1. An interpolation method suitable for decimal motion estimation, comprising the steps of:

(a) dividing a data range needed for performing an interpolation filtering process into a loaded range and a speculation range;

(b) loading the data within the loaded range;

(c) using the data in the loaded range to generate the data within the speculation range; and

(d) using the data range as input data to perform the interpolation filtering process.

2. The interpolation method of claim 1, wherein the loaded range has a rectangular shape.

3. The interpolation method of claim 1, wherein the loaded range is greater than the current block corresponding to the interpolation filtering process and is smaller than the data range.

4. The interpolation method of claim 1, wherein the loaded range is closer to the center of the reference frame block corresponding to the interpolation filtering process than the speculation range is.

5. The interpolation method of claim 1, wherein the step (c) includes using directly the data within the loaded range to fill up the speculation range.

6. The interpolation method of claim 5, wherein the step (c) includes, for each location in the speculation range, using the data in the loaded range closest to the location to fill up the location.

7. A method of calculating cost functions suitable for decimal motion estimation, comprising the steps of:

(a) dividing a data range needed by an interpolation filtering process into a loaded range and a speculation range;

(b) loading the data within the loaded range;

(c) using the data in the loaded range to generate the data within the speculation range;

(d) using the data range as input data to perform the interpolation filtering process; and

(e) comparing a current block corresponding to the interpolation filtering process with a reference frame signal produced in step (d) to compute a cost function.

8. The cost function calculation method of claim 7, wherein the loaded range has a rectangular shape.

9. The cost function calculation method of claim 7, wherein the loaded range is larger than the current block and is smaller than the data range.

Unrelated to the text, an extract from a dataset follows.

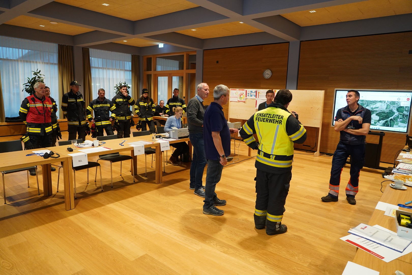 Neben den Mitarbeiter*innen im Stab haben 136 Feuerwehrleute unserer acht Feuerwehren und der FF Badstuben (mit dem Fahrzeug zur Einsatzführungsunterstützung), das Rote Kreuz Frankenmarkt und Mitarbeiter des Gemeindebauhofes teilgenommen.

10. The cost function calculation method of claim 7, wherein the loaded range is closer to the center of the reference frame block corresponding to the interpolation filtering process than the speculation range is.

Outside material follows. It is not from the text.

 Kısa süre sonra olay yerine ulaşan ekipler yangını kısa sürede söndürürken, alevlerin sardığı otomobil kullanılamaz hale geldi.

11. The cost function calculation method of claim 7, wherein the step (c) includes using directly the data within the loaded range to fill up the speculation range.

12. The cost function calculation method of claim 11, wherein the step (c) includes, for each location in the speculation range, using the data in the loaded range closest to the location to fill up the location.

13. A cost function calculation apparatus suitable for decimal motion estimation, comprising:

an interpolator for dividing a data range needed to perform an interpolation filtering process into a loaded range and a speculation range, loading the data within the loaded range, using the data in the loaded range to generate the data within the speculation range, and using the data range as input data to perform the interpolation filtering process; and

a calculation unit for comparing a current block corresponding to the interpolation filtering process with a reference frame signal produced by the interpolator to compute a cost function.

14. The cost function calculation apparatus of claim 13, wherein the loaded range has a rectangular shape.

15. The cost function calculation apparatus of claim 13, wherein the loaded range is greater than the current block and is smaller than the data range.

16. The cost function calculation apparatus of claim 13, wherein the loaded range is closer to the center of the reference frame block corresponding to the interpolation filtering process than the speculation range is.

17. The cost function calculation apparatus of claim 13, wherein the interpolator directly uses the data within the loaded range to fill up the speculation range.

18. The cost function calculation apparatus of claim 17, wherein, for each location in the speculation range, the interpolator uses the data in the loaded range closest to the location to fill up the location.